Закон «О третейских судах» распространяется на споры, участниками которых являются рези­денты Республики Казахстан.

Правовой статус международных арбитражных (третейских) судов установлен п. 4 ст. 6 Закона РК «О международном коммерческом арбитраже». Данная норма предусматривает, что в арбитраж по соглашению сторон могут передаваться споры, вытекающие из гражданско-правовых договоров, между физическими лицами, коммерческими и иными организациями, если хотя бы одна из сторон является нерезидентом Республики Казахстан. Разграничение компетенции между третейскими и международными арбитражными судами закон производит по субъектному составу участников спора. Если хотя бы одна сторона в споре является нерезидентом, то спор считается не «внутрен­ним», а международным. При его разрешении должен применяться Закон «О международном ком­мерческом арбитраже». Таким образом, основным критерием, позволяющим квалифицировать тре­тейское разбирательство как международное, является понятие «нерезидент».

Привлекательность третейского судопроизводства определяется такими факторами, как:

  • независимость и беспристрастность третейского судьи. Третейские судьи именно таковы при исполнении своих обязанностей. Хотя их кандидатуры определяются сторонами, судьи не явля­ются их представителями, поскольку не может быть судьей лицо, прямо или косвенно заинтересо­ванное в исходе дела;
  • равенство прав сторон. Разрешение спора в третейском суде осуществляется на началах ра­венства прав и возможностей сторон для изложения своей точки зрения. Каждая сторона обязана до­казать те обстоятельства, на которые она ссылается в обоснование своих требований или возражений;
  • свобода применения процессуального и материального права. Стороны до или в процессе тре­тейского разбирательства свободны в выборе норм материального права, по которым будет рассмат­риваться спор, в определении процессуального порядка судебного заседания и в распоряжении свои­ми материальными и процессуальными правами (отказ от иска, признание иска, мировое соглашение, изменение основания или предмета иска);
  • квалифицированность рассмотрения спора. Стороны назначают судьями тех лиц, в знаниях и квалификации которых по вопросам, имеющим отношение к спору, они уверены;
  • обеспечение атмосферы сотрудничества. Третейский суд содействует достижению сторонами взаимоприемлемого соглашения, т.е. заключению между ними мирового соглашения и сохранению в результате этого духа доверия и сотрудничества на будущее;
  • обязательность решения третейского суда. Это решение обязательно со дня его вынесения для всех сторон процесса;
  • добровольность исполнения решения третейского суда. Обе стороны исполняют это решение на добровольных началах;
  • оперативность третейского судопроизводства. Поскольку оно состоит из одного цикла, то решение является окончательным и не предусматривает процедур обжалования (кассации, апелля­ции);
  • экономичность третейского судопроизводства.
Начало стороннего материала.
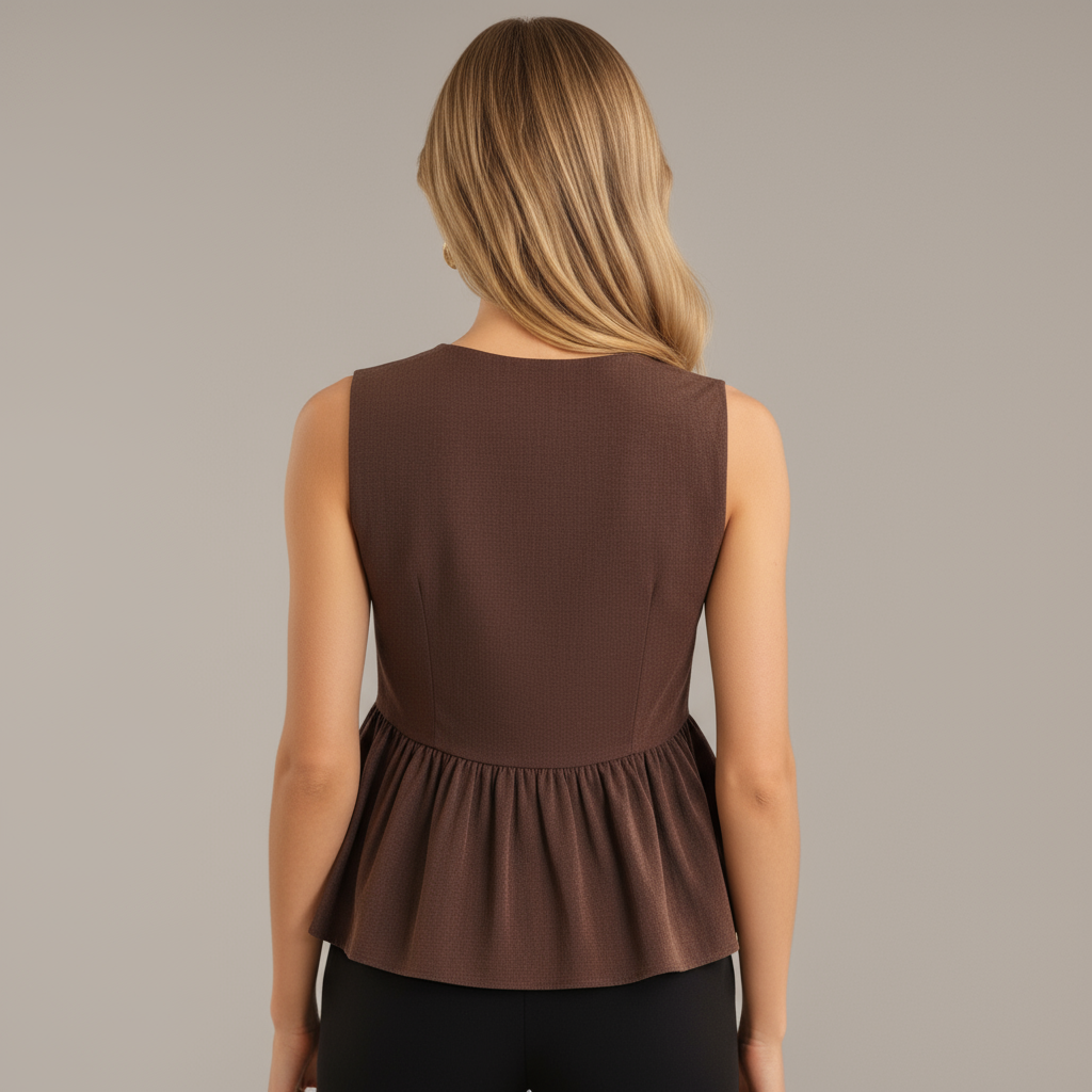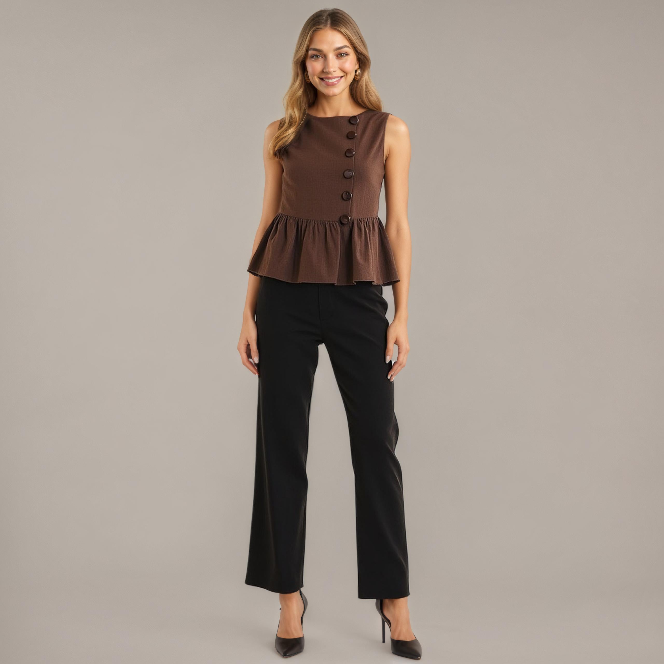 This sleeveless peplum top combines tailored elegance with playful detailing. The asymmetric pearl button front adds a refined focal point, while the peplum hem creates a flattering, feminine silhouette. Crafted from a smooth, structured fabric, it offers a polished look ideal for pairing with tailored pants or skirts.

Опять же, в силу отсутствия многоэтапности процедур рассмотрения спора, а также обратно пропорциональной зависимости судебных издержек от суммы иска, судопроизводство не предусматривает слишком больших затрат. Кроме того, пре­доставляются как отсрочка, так и рассрочка уплаты, а также подтверждение действительности со­глашения сторон о распределении судебных расходов в иной, устраивающей их пропорциональности (кроме международного арбитража);
  • гарантированность исполнения решения третейского суда. В случае неисполнения решения добровольно оно исполняется через государственную систему принудительного исполнения (кроме международного арбитража).

Правовая природа арбитража и его место в системе разрешения правовых конфликтов во многом определяются тем, насколько внутренне организована и упорядочена деятельность третейского суда и участвующих в деле лиц по рассмотрению гражданско-правового спора.

Третейский процесс как разновидность правоприменительной деятельности также распадается на стадии возбуждения деятельности (производства), подготовки и принятия правоприменительного акта (вынесения арбитражного решения), которые в своей совокупности образуют правопримени­тельные циклы.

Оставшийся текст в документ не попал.